Give back, exactly as written, the lines of the listing from the top through the line holding "Голосующие впервые получают", and nothing more. Exclude pictures.

*Data below*.
+---+

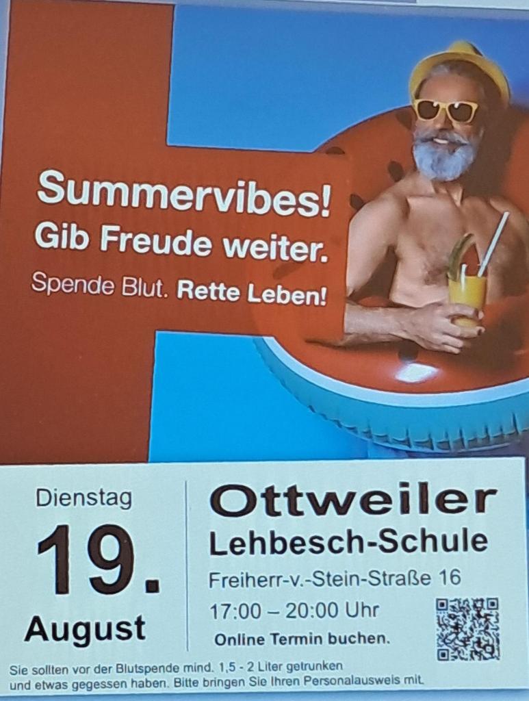 Bei dieser Blutspende werden wir, wie im letzten Jahr, Grillwürste, Käseweck, Kuchen und Obst anbieten. Kommen Sie vorbei und unterstützen Sie, besonders jetzt in der Urlaubszeit, die Blutspendenzentrale mit Ihrem Blut.
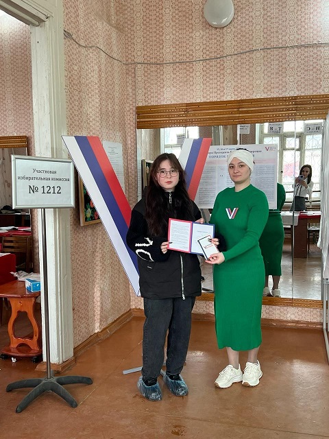 Голосующие впервые получают символичные подарки от избирательной комиссии.
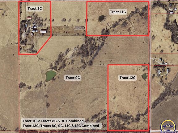 AUCTION: Sunday, April 2, 2023, 1:00PM at Hoyt Community Building. Sitting on 157 acres, this 4200 square foot home has 3 spacious bedrooms, 3 bathrooms and boasts a large living space on a full, unfinished basement. With multiple outbuildings ready for your farm operation or hobbies, you can't pass up this opportunity! This parcel will be offered in six tracts: Tract 8C: the home with 15+/- acres; Tract 9C: 96 +/- acres native grass pasture served by a nice pond; Tract 10C: Tracts 8C & 9C combined; Tract 11C: 20 +/- acres desirable pasture with potential building site; Tract 12C: 26 +/- acres fenced pasture with potential building site; Tract 13C: Tracts 8C, 9C, 11C & 12C combined. See photos for approximate tract locations. OPEN HOUSE: Sunday, March 19, 1:00 to 3:00PM.

+---+

*Answer below*.
 Bei dieser Blutspende werden wir, wie im letzten Jahr, Grillwürste, Käseweck, Kuchen und Obst anbieten. Kommen Sie vorbei und unterstützen Sie, besonders jetzt in der Urlaubszeit, die Blutspendenzentrale mit Ihrem Blut.
 Голосующие впервые получают символичные подарки от избирательной комиссии.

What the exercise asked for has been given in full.